Heart disease and substance addiction: what are the effects of cocaine on the heart?
Cocaine use is an increasingly widespread phenomenon throughout the world. The apparent and temporary benefits offered by this substance, however, often lead to conditions of dependence and abuse with very serious, sometimes irreversible, clinical consequences
HOW WIDESPREAD IS COCAINE?
UNODC (the UN agency that monitors drug use worldwide) reports that cocaine use has been steadily increasing in recent years in some countries around the world, especially in North America and Western Europe.
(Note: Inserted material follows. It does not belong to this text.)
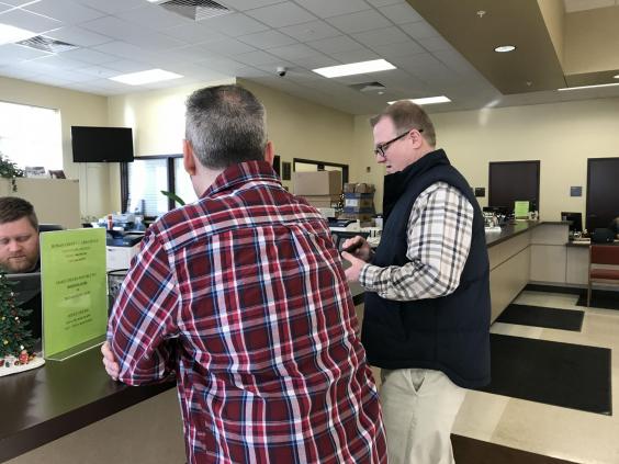 Which explains why every time he steps into this office, even for something like a car registration, there is a frisson in the air. Ms Davis is out on this particular afternoon, but her son, Nathan Davis, is there. He waves gingerly from his desk, above which hangs a large wooden sign declaring: “PRAY ALWAYS, WORK HARD, TRUST GOD”. That will have to go, if Mr Ermold wins.

The 2018 European Drugs Report agrees that cocaine is increasingly present in European markets, as documented also by analyses of wastewater in some large metropolitan cities.
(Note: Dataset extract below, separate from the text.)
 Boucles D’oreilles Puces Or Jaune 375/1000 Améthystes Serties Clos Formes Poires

Retail’ prices are stable while the purity of this drug is at its highest level in the last decade.
In Europe, there are two types of cocaine: the most common is cocaine powder (in the form of salts), while crack cocaine (free base), which is taken by inhaling smoke, is less readily available.
Historically, most cocaine arrives in Europe via the ports, by large container ships, of the Iberian peninsula, but recent seizures suggest that this route is no longer the only one.
Indeed, in 2016, Belgium overtook Spain as the country with the largest amount of cocaine seized at ports.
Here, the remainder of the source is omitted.